Bueno, sería más exacto decir que fueron quienes constituyeron
la cara más crítica, ingeniosa e irreverente, de una revolución que día a día
iba perdiendo su fisonomía más espontánea y fresca, para ir hundiéndose en el
aburrido y previsible cubo de las ideologías que ya eran caducas cuando fueron
inventadas.
Wolinski, el profesor Choron, Cabu, Cavanna, Reiser y un
puñado más de mentes lúcidas e iconoclastas, nos estimulaban semanalmente con
los inteligentes disparates que nos aportaba el espíritu de Hara-Kiri.
Después, cuando la resaca de la fiesta empezó a pasar
factura de la ingestión abusiva e irresponsable de una teoría tan brillante y
efímera como un castillo de bengalas de colorines, Hara-Kiri se convirtió en
Charlie-Hébdo.
El grupo poseía la reserva de talento e ingenio suficiente,
como para tomar tierra con soltura en la sempiterna la banalidad cotidiana de
unos franceses de boina y baguette.
Eran los “bof”. Término inventado por el genio incomparable
de Reiser, para designar simbólicamente a un ser cuya colilla en los labios, la
barba de cuatro días y unos calzoncillos sucios y dados de sí, por los que
asomaban impúdicas sus parte íntimas, nos mostraba la cara menos presentable de
la clase media francesa.
Estuve suscrito durante más de diez años a este periódico
semanal, confeccionado en papel industrial y cuatricromía, que inspiró a la
revista de humor más inteligente que se publicó en España, Hermano Lobo,
después de que La Codorniz hubiese clausurado su ciclo de crítica solapada del
Régimen, y la Transición empezara a vislumbrarse tras el catafalco del
Dictador.
Charlie-Hébdo siguió en su universo provocador y, a pesar de
que los tiempos no fueran los mismos y yo tampoco, no se retiraron dejando un
hueco que nadie podría haber rellenado en ese segmento satírico de la
actualidad.
Me alejé de ese mundo, como de muchos otros, porque tenía
cosas nuevas que descubrir.
Y, precisamente en mi recorrido por esos nuevos senderos,
sufrí con mis compañeros de aventura las consecuencias del cadáver viviente del
franquismo, en su versión más agresiva y violenta, a principios de los ochenta.

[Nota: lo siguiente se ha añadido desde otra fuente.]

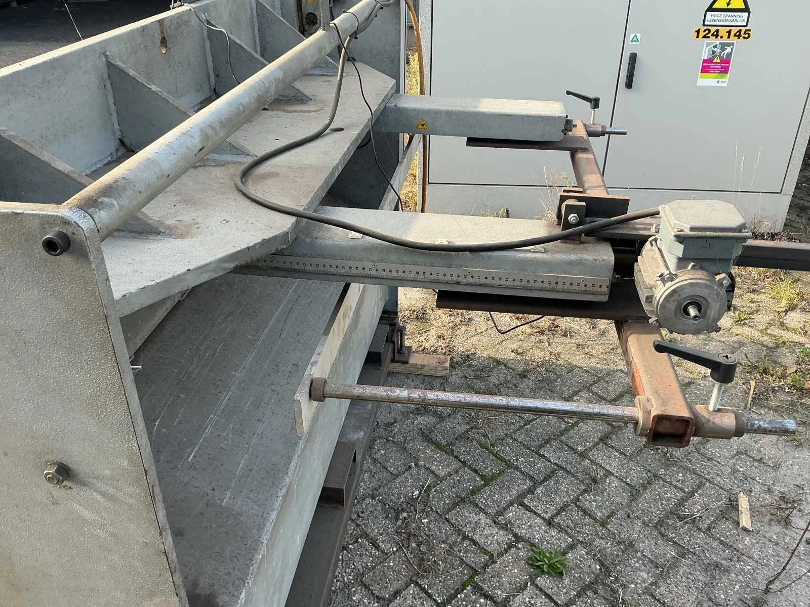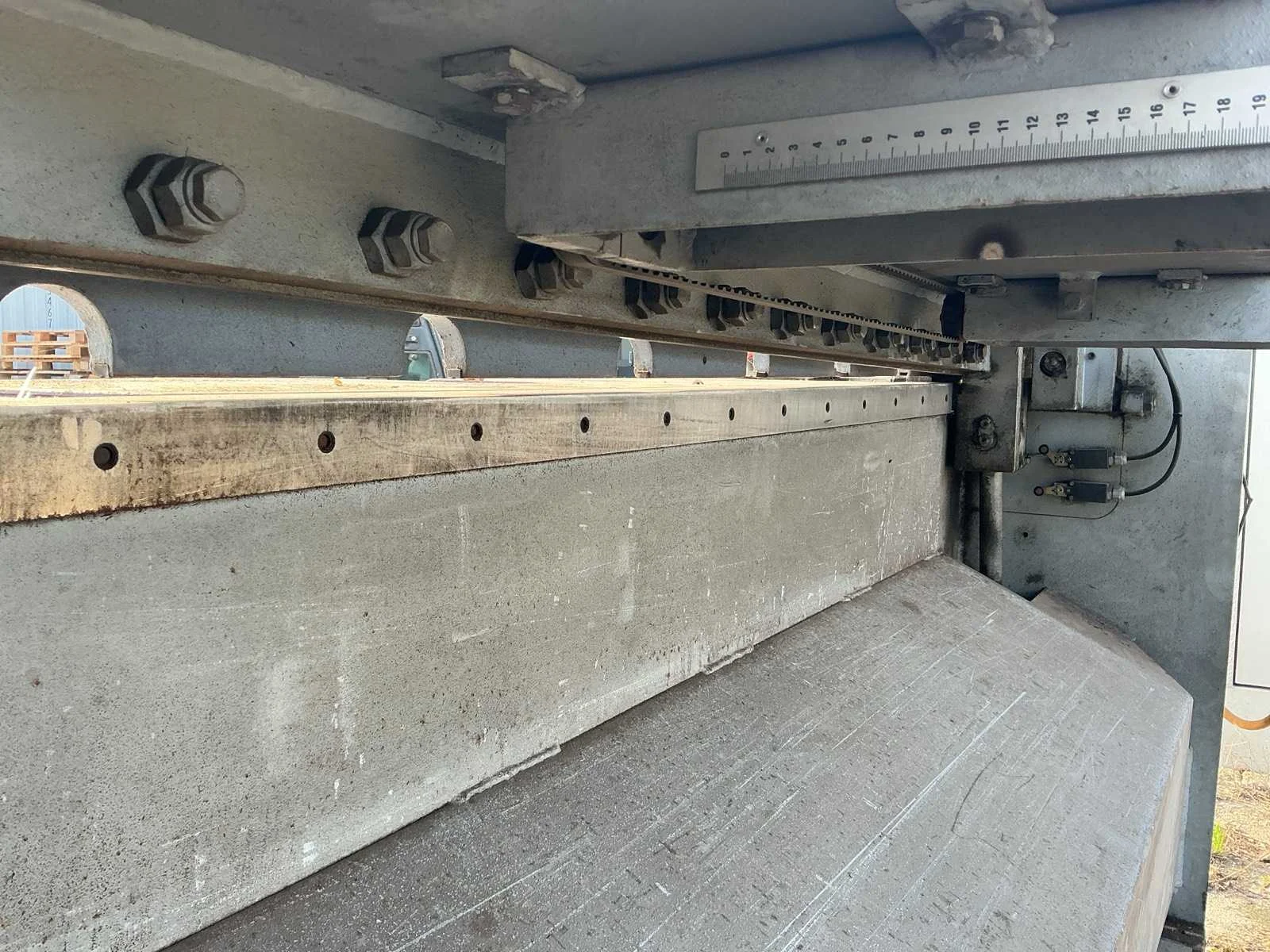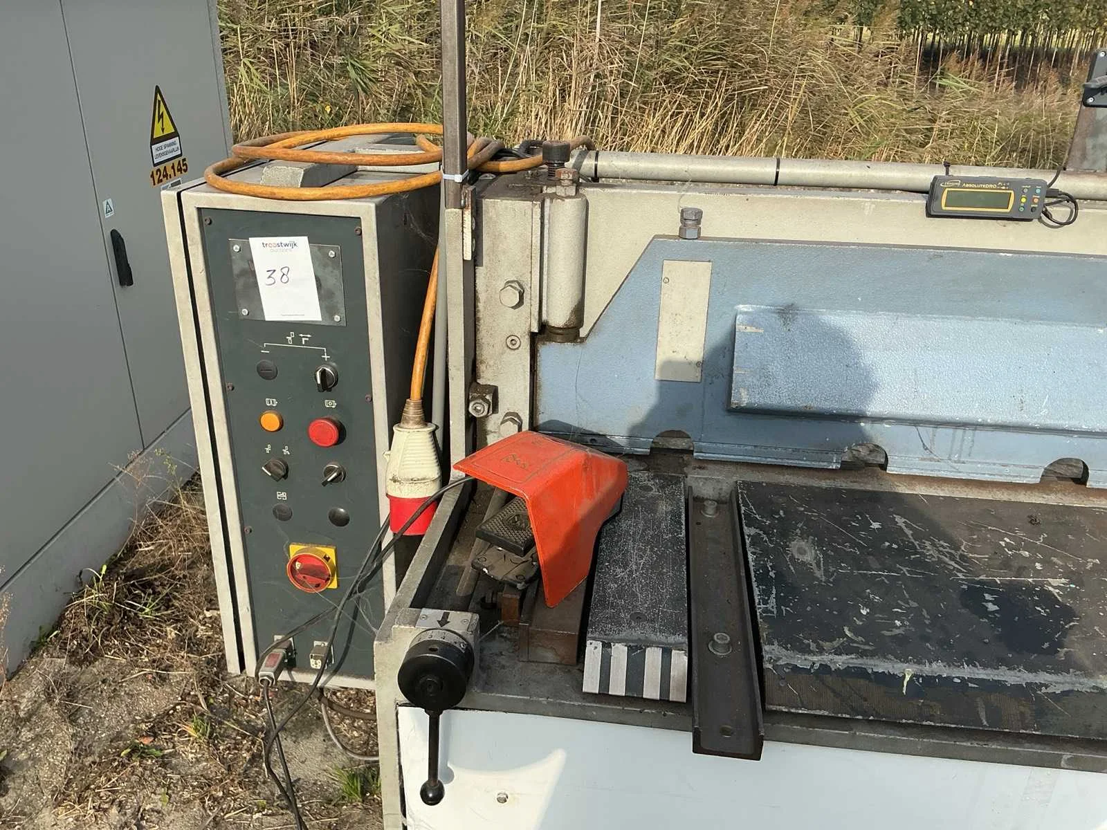 Voorzien van verlichting, voetpedaal, elektrische achteraanslag en verlengde achteraanslag Merk: Baykal Type: RGS 1560x3,5 Snijlengte: 1560mm Max. plaatdikte: 3.5mm Aansluiting: 380V Afmeting l: 2110mm Afmeting b: 1700mm Afmeting h: 2000mm
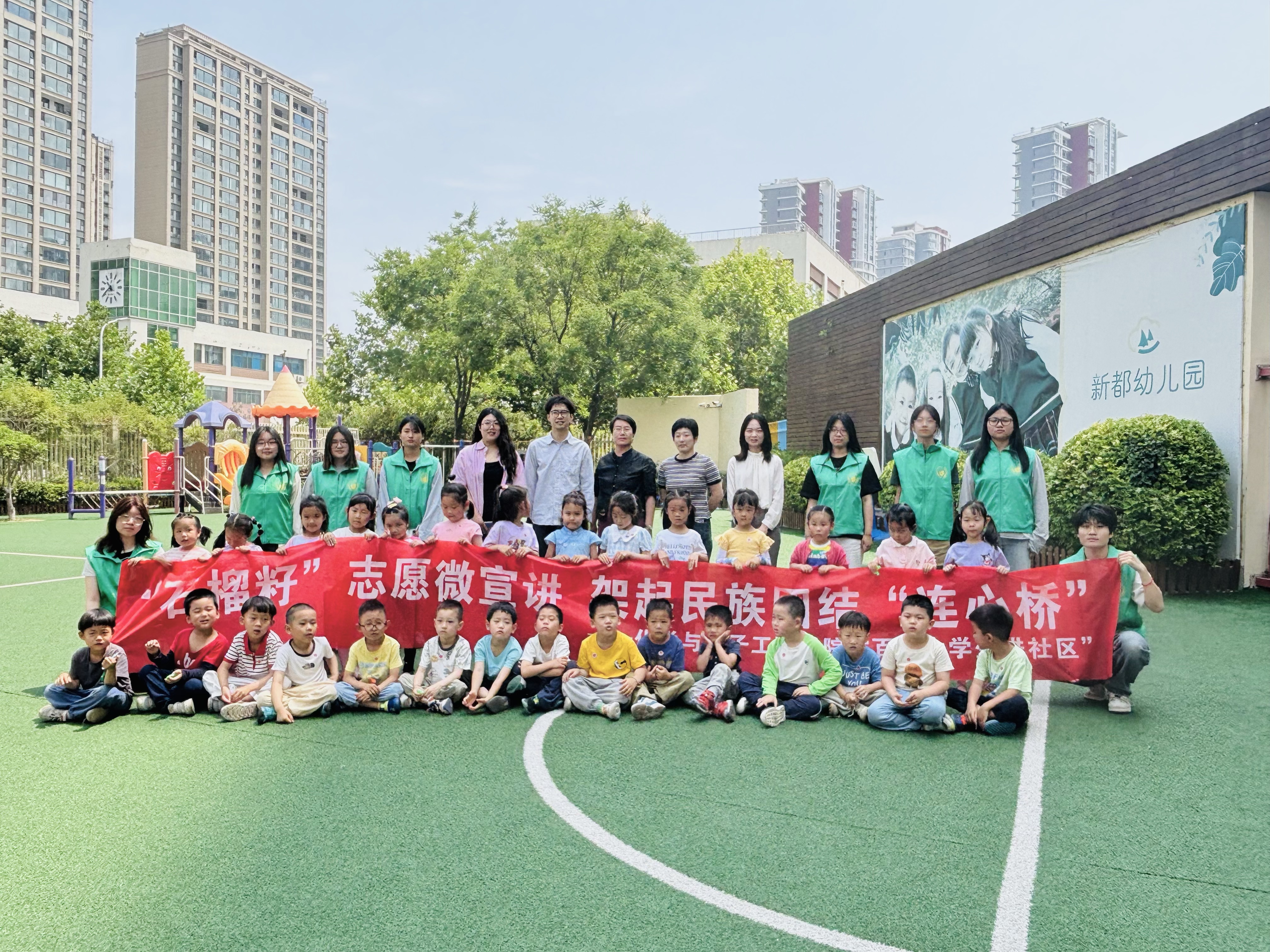 为深入贯彻落实习近平总书记关于加强和改进民族工作的重要思想和中央民族工作会议精神,6月6日,BB贝博艾弗森团委联合市北区新都幼儿园开展“石榴籽”志愿微宣讲 架起民族团结“连心桥”——百万老员工进社区活动。

Ayer, con la noticia de la nueva barbarie cometida contra mi
antiguo Club de Talentos Despiertos, acudieron en tropel los recuerdos de los
años de plomo. Aquellos de los abogados de Atocha, El Papus, y tantas
tragedias, afortunadamente enterradas en la escombrera de la memoria, previa al
olvido.
Un imperativo moral inexcusable me llevó a la única
manifestación de homenaje a las víctimas de la masacre que se convocó en este país de hoy, siempre ajeno a
cualquier cosa no manufacturable por las empresas de la basura mediática.

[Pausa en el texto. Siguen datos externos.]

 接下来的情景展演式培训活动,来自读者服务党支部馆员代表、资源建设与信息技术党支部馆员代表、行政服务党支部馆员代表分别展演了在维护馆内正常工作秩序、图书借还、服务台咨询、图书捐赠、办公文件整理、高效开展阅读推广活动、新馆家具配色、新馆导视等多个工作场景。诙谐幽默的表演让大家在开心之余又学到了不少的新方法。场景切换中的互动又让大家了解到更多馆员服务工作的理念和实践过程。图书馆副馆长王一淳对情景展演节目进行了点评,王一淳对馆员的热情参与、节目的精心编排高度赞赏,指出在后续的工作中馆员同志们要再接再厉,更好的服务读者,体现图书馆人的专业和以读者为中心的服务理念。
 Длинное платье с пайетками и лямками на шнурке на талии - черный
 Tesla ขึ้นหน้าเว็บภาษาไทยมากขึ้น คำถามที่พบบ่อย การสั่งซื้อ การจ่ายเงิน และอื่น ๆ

Y mejor hubiese sido conformarme con roer en privado mi
amargura.
Dos centenares escasos de asistentes no parecían estar más
atentos que a un miserable montaje propagandístico, que una cúpula reducida del
PSOE había organizado casi clandestinamente ante las cámaras de televisión, con
el ex–presidente de la flojera multiculturalista a la cabeza.
Pero el aquelarre, tantas veces escenificado por ese partido
a caballo de una tragedia ajena, reservaba una patética escena tan banal como
vergonzosa. Consistió en la presencia solitaria de una bandera republicana,
ajada y descolorida por tantos usos similares, cuyo intolerable y obsceno
oportunismo surrealista, me provocó un ataque de irritación que puse
sonoramente de manifiesto.
Un grupo de figurantes que asistía disciplinado a esta
puesta en escena, cercano a mí, recriminó mí airado comentario con un coro de
gritos apelando a la sacrosanta libertad de expresión.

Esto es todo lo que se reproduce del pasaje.